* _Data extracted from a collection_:
-.-.-

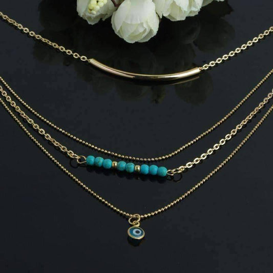 Turquoise Bead Double Layer Necklace for Woman Everyday Modern Wear
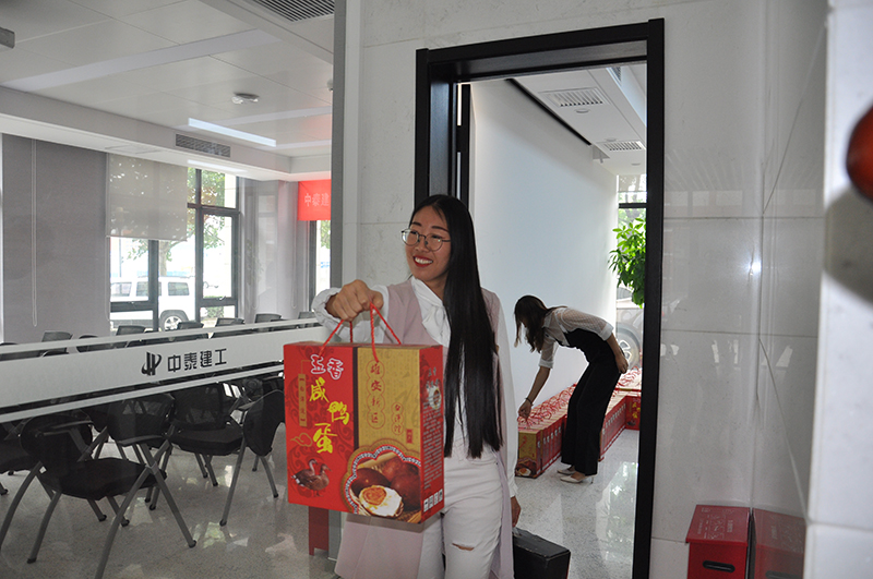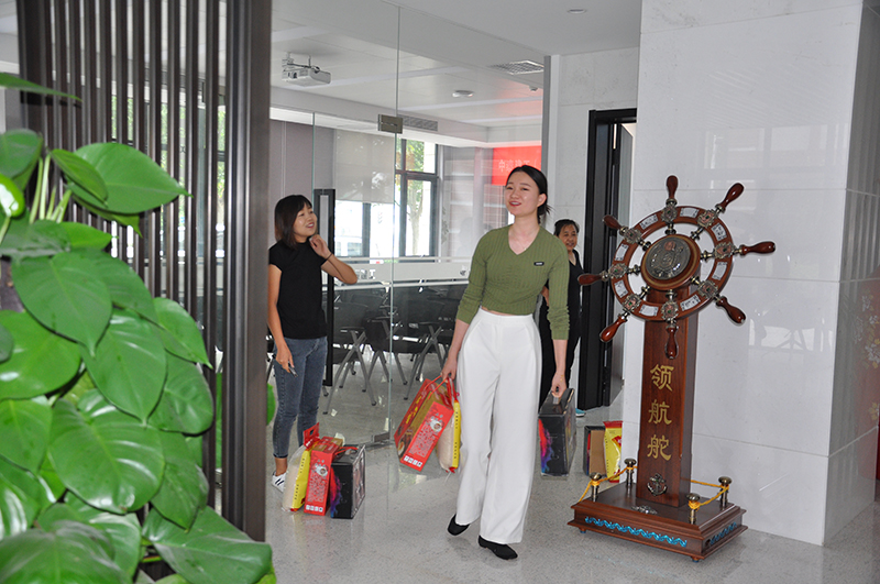 百余份载满祝福的中秋礼盒陆续被发放到每个员工手中,发放现场异常热闹,每一位员工脸上都洋溢着幸福的微笑,纷纷对公司的关怀表示感谢。
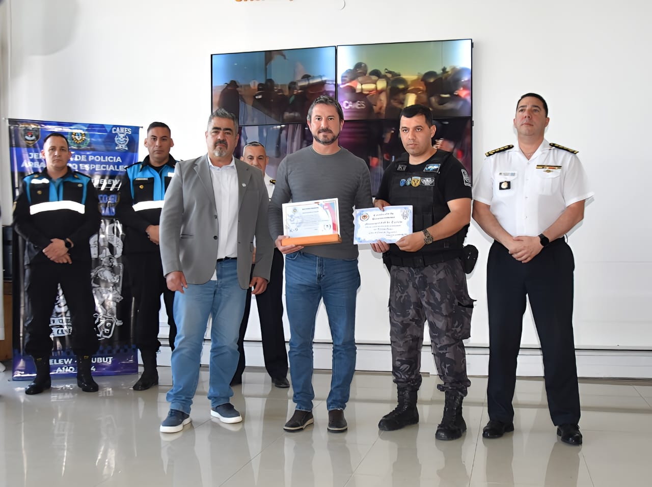 El jefe distrital de Trelew estuvo presente este martes en el el acto de finalización del “IV Curso guía de canes de seguridad”; ceremonia que se realizó en la Sala de Situación de Jefatura de Policía en Rawson.
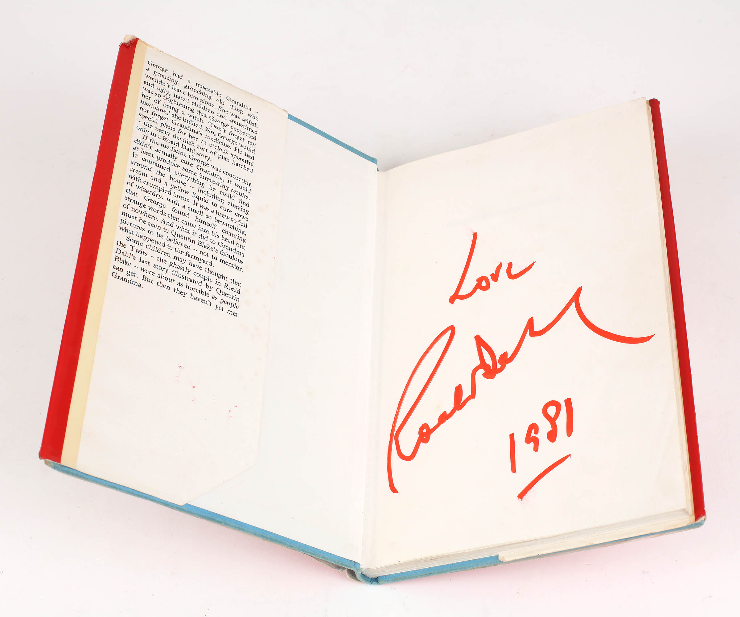 First edition. 8vo. Blue cloth with gilt lettering, in the original pictorial dustwrapper. Inscribed to the front free endpaper "Love Roald Dahl 1981". Illustrated in line by Quentin Blake. A fine copy, in a near fine dustwrapper.
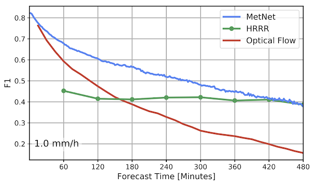 The results seem very promising as they are able to outperform both a classical NWP model (=numerical weather prediction using physics) and an optical flow approach up to eight hours into the future. I’m very glad Google is funding this research and consider this work an important achievement. But I also have some qualms about the way the MetNet forecasts were evaluated:
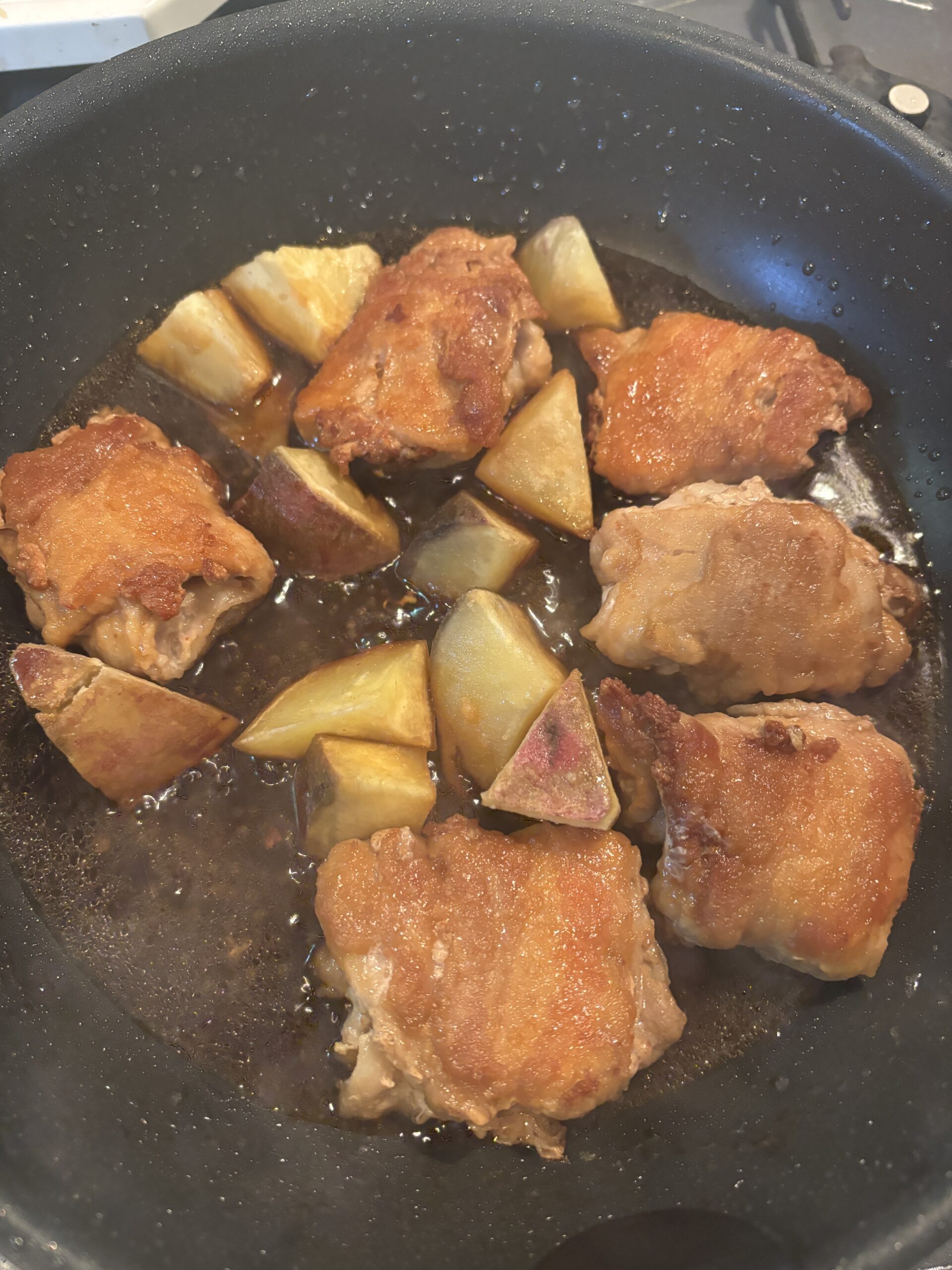 主菜に戻り、ふたをとりさつまいもを加えます。

-.-.-

* _Requirement_: "El jefe distrital" marks the first line to copy, and "First edition. 8vo." marks the last. Repeat that stretch above exactly, with no pictures.

* _Task output_:
 El jefe distrital de Trelew estuvo presente este martes en el el acto de finalización del “IV Curso guía de canes de seguridad”; ceremonia que se realizó en la Sala de Situación de Jefatura de Policía en Rawson.
 First edition. 8vo. Blue cloth with gilt lettering, in the original pictorial dustwrapper. Inscribed to the front free endpaper "Love Roald Dahl 1981". Illustrated in line by Quentin Blake. A fine copy, in a near fine dustwrapper.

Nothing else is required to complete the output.